-Обрюхатил, боров! – попадья рассеянно собирала к столу, - А ну как мой прознает? Екимка, чорт басчий! – улыбнулась нежданно, и тут же удробилась, не вошел ли в куть поп Ростовский, не заслышал ли песни бесовской, что клокочет в грудях.
- Вот сболтнет отец Никанор… Да нет! - успокаивала она себя, - Тайна же исповедная! Охохошеньки, они вместе гульбанят…
А отец Никанор, хоть и испивал вина монастырского до греховных иллюзий, ни словом не намеком не спростал конфессионеру, что молодок Еким Иванович, был допущен в ложню мужней жены и оставил ей плод.
Ночью, скрытно, взошла попадья на елбан, в терем былицы-отшельницы, и принесла даров, чтоб избавила от напасти да наказания…

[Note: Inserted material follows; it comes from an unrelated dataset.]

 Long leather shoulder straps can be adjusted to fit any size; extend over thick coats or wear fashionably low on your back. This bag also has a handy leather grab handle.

Старая ведьма окурила ее дымами дурманными, раздухарила в котле кипяченом, и пронзала спицей железной, коей загубила уже немало невинных душ.
И криком кричала женщина, когда уперлось острие в живое, и металась, и разнесла бы скамью в ластиньи, кабы не вернулось железо на свет скрученным да затупленным.

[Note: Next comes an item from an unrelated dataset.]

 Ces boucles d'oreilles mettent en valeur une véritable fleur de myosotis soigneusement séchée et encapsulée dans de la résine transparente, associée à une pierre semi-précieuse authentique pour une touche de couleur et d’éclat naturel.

И ложила старуха попадью на пол, и топталась на ней, и пинала в живот, прочие вела заговоры колдовские, да только все без толку.
И сказала тогда карга:
- Бессильна я тут! Родить тебе к сроку чудо-богатыря.
А была бы не така беда, только забыла уж попадья, когда тот, кто ей муж пред богом и людьми, последний раз томил ее жаркое тело.

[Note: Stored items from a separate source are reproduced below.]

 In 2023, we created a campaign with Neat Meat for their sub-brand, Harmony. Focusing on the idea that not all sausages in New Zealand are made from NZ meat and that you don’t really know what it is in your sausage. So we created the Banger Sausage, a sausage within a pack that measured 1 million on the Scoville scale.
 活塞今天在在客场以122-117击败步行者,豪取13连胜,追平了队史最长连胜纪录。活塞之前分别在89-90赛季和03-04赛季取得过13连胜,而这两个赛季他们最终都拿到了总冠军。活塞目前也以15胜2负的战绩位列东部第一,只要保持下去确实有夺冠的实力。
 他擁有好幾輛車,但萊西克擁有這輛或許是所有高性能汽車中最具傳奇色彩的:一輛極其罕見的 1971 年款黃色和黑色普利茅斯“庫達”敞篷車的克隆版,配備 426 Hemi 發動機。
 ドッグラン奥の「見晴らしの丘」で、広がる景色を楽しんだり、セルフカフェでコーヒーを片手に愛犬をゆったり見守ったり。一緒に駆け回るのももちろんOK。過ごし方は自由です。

Упала она ведьме в ноги еще раз, и получила зелье чудодейственное.
Поп Ростовский испил кваску перемешанного, да и сотворил, проказник, желанное.
А через неделю явила ему жена, что стать батюшке еще и отцом.
Так и появился на свет Алеша Поповичь.
…..
…..
Илья разложил костер. На огонек вышел из кустов неприметный человечишко, прозвался Мефодием, и ниспросил погреться. Достал Илья из тороки вина кислого, а Мефодий достал из-за пазухи хлеба краюху.
Выпили, они закусили, и хотели уже завести обязательный разговор о напастях, что сыплются на землю русскую, как мука из худого мешка, как раздался стук копыт, и огонь осветил осадившего коня молодца, что немедля соскочил с коня, подошел к огню и заговорил, просто и уверенно:
-Здравствуйте. Я Алеша Поповичь млад, богатырь земли русской.
Илья улыбнулся.
-Есть у меня, как у любого витязя, своя забота великая, тревога беспокойная, своя в душе чернизина.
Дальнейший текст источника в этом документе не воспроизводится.